# Passenger door problem



## Preacher's 5 (Aug 27, 2007)

A friend of mine has a 95 740i, the passenger door will not unlock sometimes. Do any of you know what the problem might be? Sometimes it opens, sometimes not!


----------



## KITPARTS (Oct 12, 2007)

i do have a spare car here that i can look inside door for you .... does it act like the lock mech is not opening? does the lock rod go up and down? or are we looking at the door latch itself.?
i can do a digital pic for you


----------



## Preacher's 5 (Aug 27, 2007)

That would be the door latch. Thanks.


----------



## M.Wong (Jan 9, 2003)

Door lock actuator or the connecting rod the lock stem itself?


----------



## Preacher's 5 (Aug 27, 2007)

Thanks. I will let him know to check that out.


----------



## BMW_tech (Sep 20, 2007)

If it isn't the actuator and the problem is intermittent,by the door hinge you will see what looks like a harness shielded in black rubber.It goes into the body of the car and the onnection there is a weak point for electrical concerns from airbag warning light with faults regarding passenger's side impact airbags/passenger mirror inoperative,would not tilt in reverse/or door lock issues.Remove the screw (7 or 8mm. socket) and pull the connector up and out.Unlock the connector by using a small screw driver to pry up the locking connector.Inspect all the pins for water intrusion or corrosion,repair and clean as neccessary.Check the water drains under the door to make sure they are not clogged.Replace the missing right front "jack/lift pad" and make sure that the right front wheel well or fender liners are secured along with the bottom splash shield that follows the wheel well liner. (that also covers your fuel filter)

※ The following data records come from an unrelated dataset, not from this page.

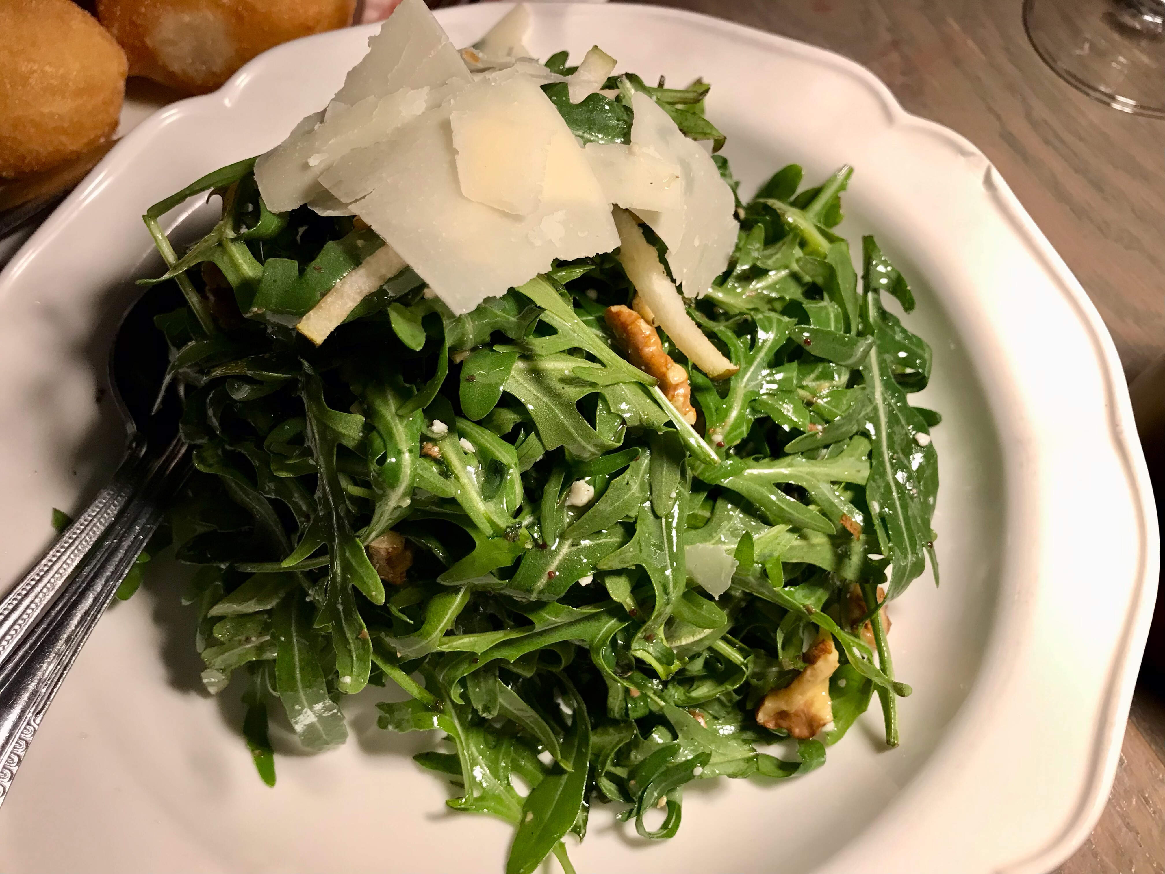 Rucola e Pera was a simple salad of arugula, pear, toasted walnuts, gorgonzola, shaved parmigiano reggiano, and a nice poppy seed vinaigrette. A good counterbalance to everything else.
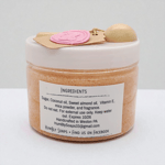 Ingredients: Fine Sugar, coconut oil, sweet almond oil, Vitamin E, Mica powder, and Fragrance.
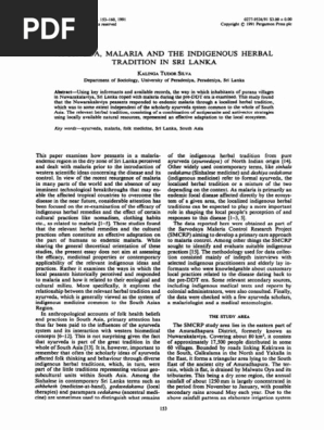 1991 Silva Ayurveda Malaria And The Indigenous Herbal Tradition In Sri Lanka Herbalism Ayurveda
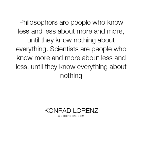 Philosophers are people who know less and less about more and more, until they know nothing about everything. Scientists are people who know more and more about less and less, until they know everything about nothing
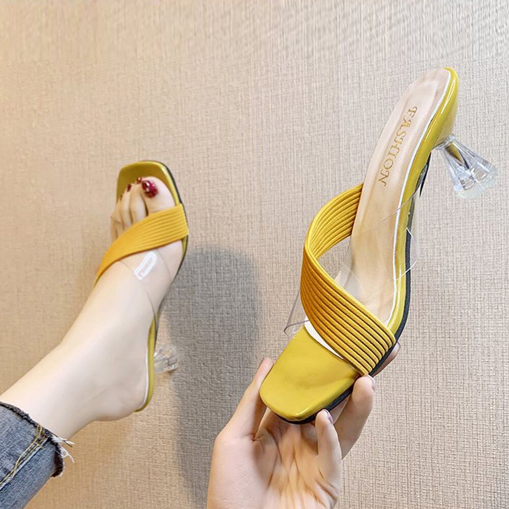 リブベルトとクリア素材を使用し、涼しげな足元に導く異素材mixストラップミュール
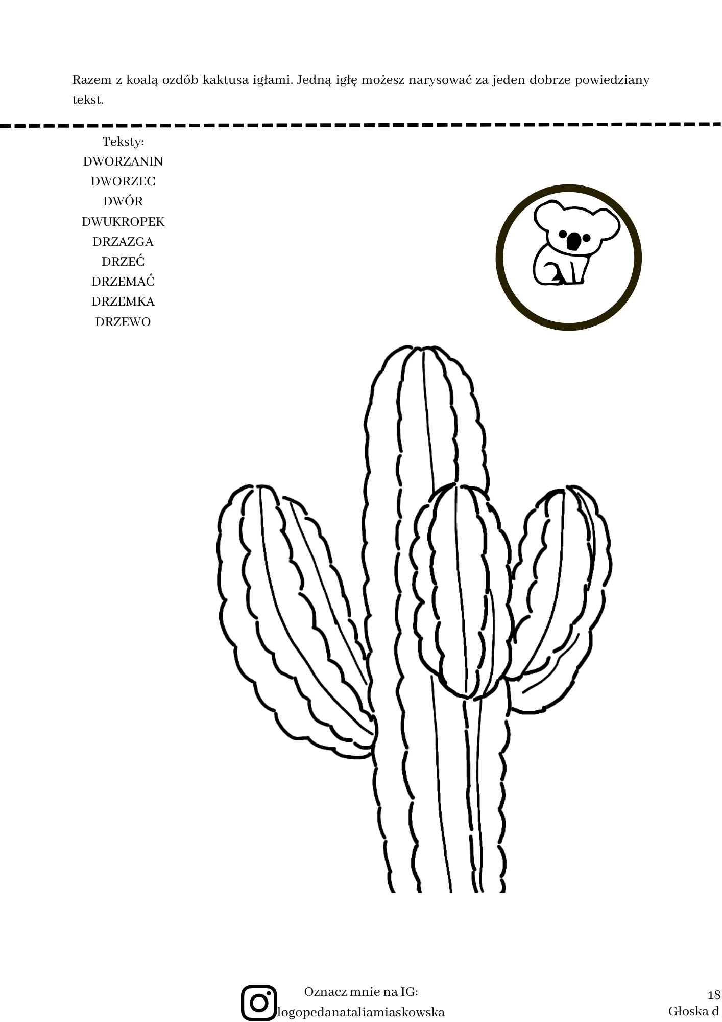 – zawiera kartę pracy z głoską “d” w nagłosowych grupach trójspółgłoskowych (“d” + ” rg, rw, rż”)
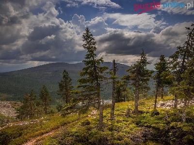 Góra Ylläs, Laponia, Drzewa, Trawa, Chmury, Góry, Finlandia, Wzgórza, Mech
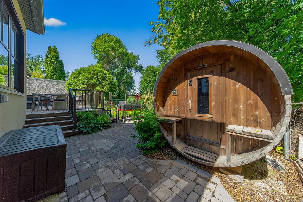 Welcome to a once-in-a-lifetime riverfront residence in one of Winnipeg’s most picturesque, sought-after enclaves. Surrounded by the Red River on a leafy peninsula, this spectacular top-to-bottom luxury rebuild (on piles) blends the charm of a heritage home with the elevated finishes of a brand-new custom build. The Rosehill millwork kitchen is a showstopper with an appliance garage, integrated fridge and stove, hot water on demand, spice pullout, & incredible details. A four-season sunroom with river views, and just steps out to your hot tub & sauna, invites slow mornings and inspired workouts, while the cozy living room, with custom fir wood details and a new wood-burning fireplace, anchors the main floor. Main flr powder room, office w/ murphy bed, & laundry elevate the space. Upstairs enjoy thoughtful sight lines, dual walk-in closet, a stunning spa-like ensuite + steam shower, plus two more bdrms. The fully re-engineered lower level offers an egress bdrm, new mechanicals incl HRV, heat pump, concrete floor, weeping tile & 400-amp service. W/ 2 Tesla chargers & unforgettable outdoor spaces for paddling, dining, & stargazing, this extraordinary home is built to last, & designed to love for decades!
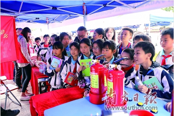5月6日,2019年“新時代文明實踐廣東‘七個一百’精品項目下基層東莞分會場活動”在東莞市中堂鎮潢涌村舉行。圖為學生們在志愿服務集市活動現場體驗各種志愿服務。南方日報記者 孫俊杰 攝
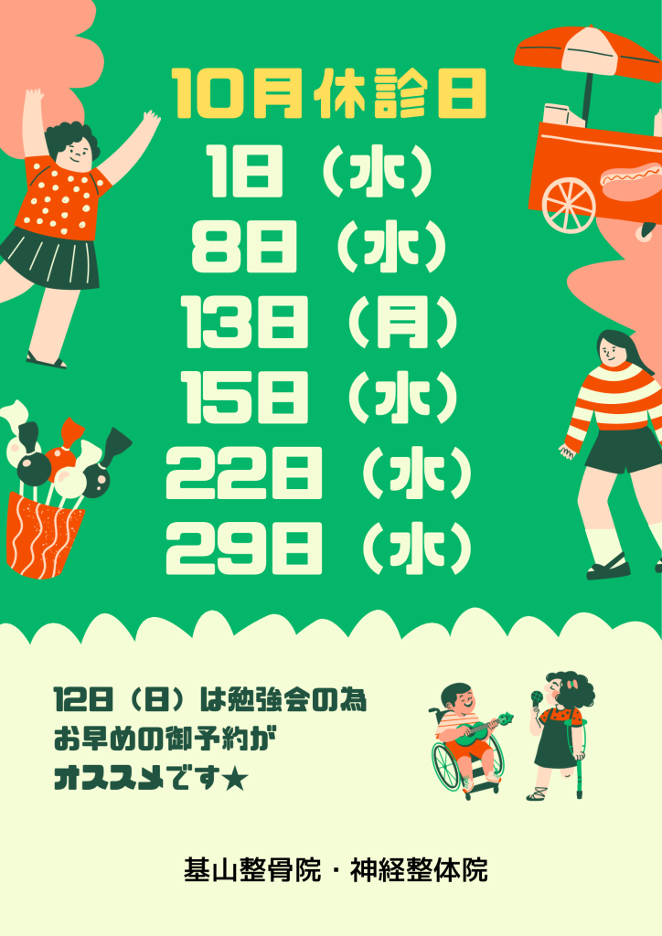 10月の休診日 投稿日 2025年9月22日 更新日 2025年10月28日 著者 toukou_ks カテゴリー お知らせ 基山整骨院・神経整体院の10月休診日です!1日(水)・8日(水)・13日(月・祝)・15日(水)・22日(水)・29日(水)第2日曜日の12日(日)は神経整体勉強会の為、少し短縮して診療いたしますのでお早めのご予約をオススメしています★
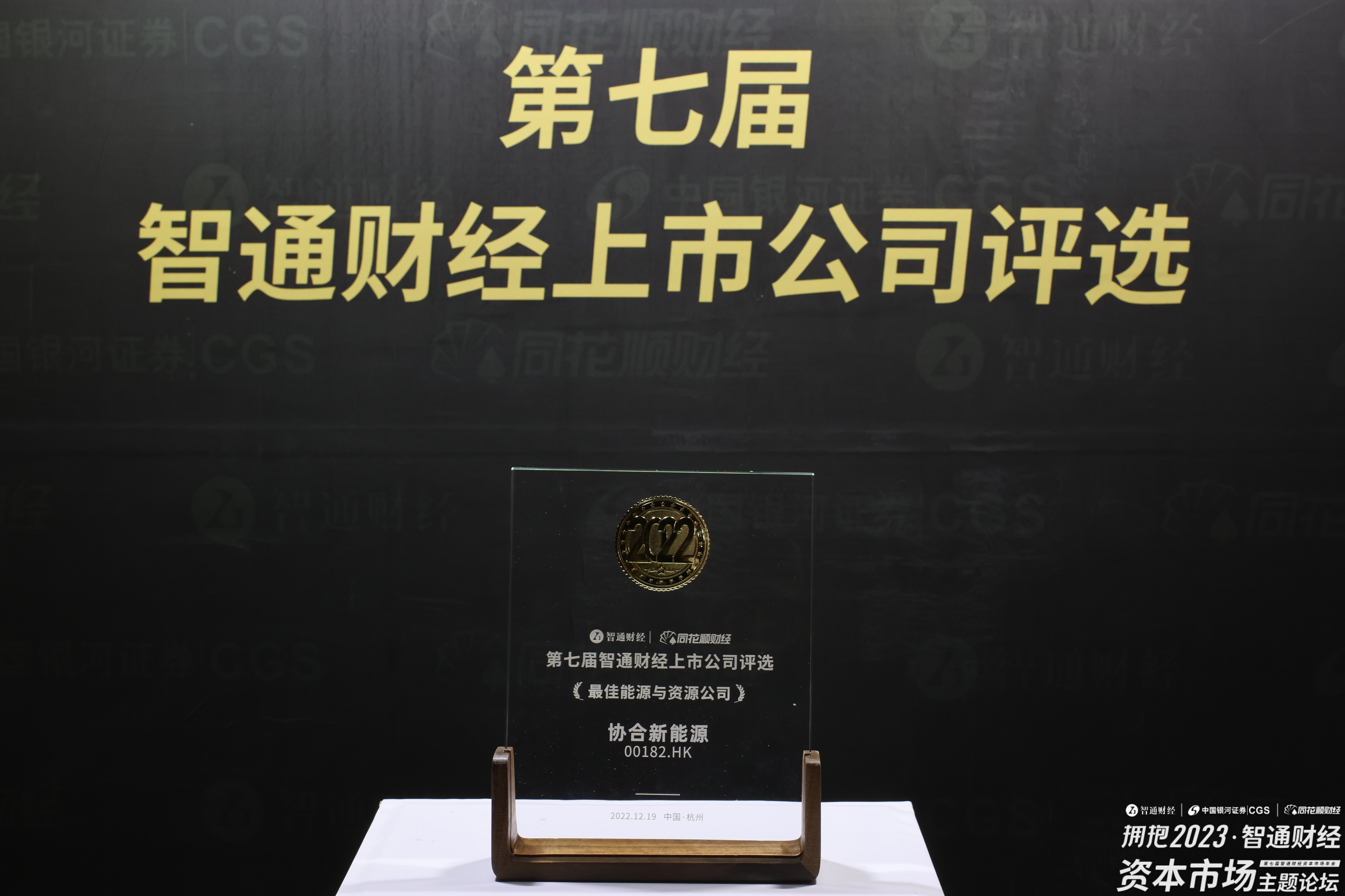 2022年12月19日上午12点,在杭州举办的“第七届智通财经上市公司评选”上,协合新能源(00182)荣获“最佳能源与资源公司”大奖。

Speaking from experience,I have seen this on E-39's and E-38's
(E-39's) Passengers door lock would not unlock,further inspection reveals the actuator is frozen at "lock arrest" position. With the actuators frozen/deadbolted,removal of the door can be challenging and requires door panel replacement.
(e-38's)Faults stored regarding passengers side impact airbag reveals corrosion at that connector and on one instance another tech had already replaced the harness once 6 months prior.


----------



## AMBERROOT (Sep 20, 2007)

I dont recall the exact operation, but there are settings for the door depending upon the key position (e.g. turn to the left for 2 seconds etc). There should be detailed instructions in the owners manual. 

This happened with my passenger door and after moving the key back and forth between the three positions and it's worked fine since.


----------